Из Швейцарии Толстой поехал в Северную Италию, побывал в Германии и в конце лета был уже в Петербурге. Пробыв здесь всего шесть дней, едва повидав Некрасова и других сотрудников «Современника», он уехал в Ясную Поляну.
Около трех лет прожил Толстой то в Москве, то в Ясной Поляне, где жила тетенька Татьяна Александровна, но где уже не было того большого дома, в котором прошло его детство. Поселился он в одном из флигелей. Дом был продан, а на его месте росли теперь молодые деревца.

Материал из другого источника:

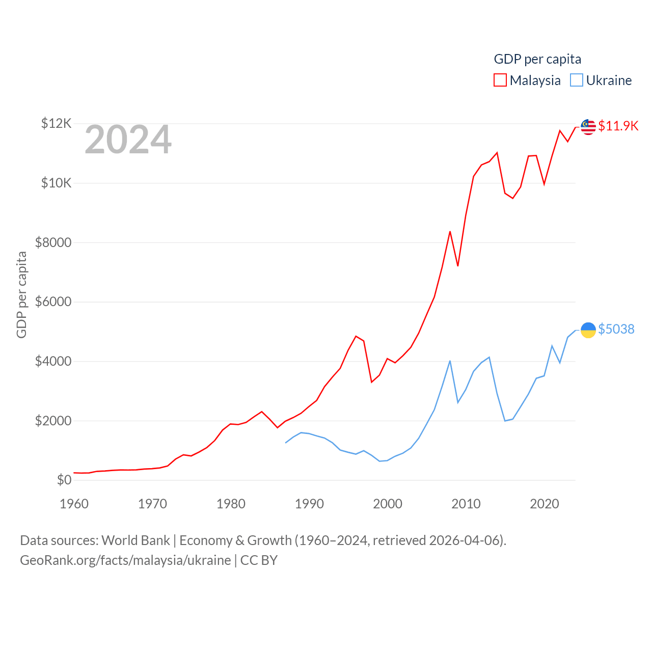 By GDP, Malaysia ranks 38/197 ($422B) and Ukraine ranks 57/197 ($191B). By GDP per capita, Malaysia ranks 79/197 ($11,874), while Ukraine ranks 120/197 ($5,038).
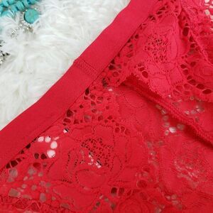 Victoria's Secret Red Crochet Lace Peeka Boo Cute CHEEKINI Medium

С особенным чувством вспоминал он всегда осенние и зимние вечера, которые проводил в комнате у тетеньки: «Сидишь на кресле, читаешь, думаешь, изредка слушаешь ее разговоры... перекинешься с ней словом, и опять сидишь, читаешь, думаешь».
Иногда приезжали в гости соседи — поэт Афанасий Афанасьевич Фет с женой; заезжал брат Николенька, сестра со своими детьми, которых Лев Николаевич очень любил.
Много раз пытался Толстой серьезно заняться хозяйством. Брат, смеясь, рассказывал, что из этих занятий ничего не получалось. Придет, бывало, к нему староста за приказаниями, а он занят гимнастикой - висит на одной ноге вниз головой и раскачивается, а староста не знает — не то приказания слушать, не то на барина дивиться.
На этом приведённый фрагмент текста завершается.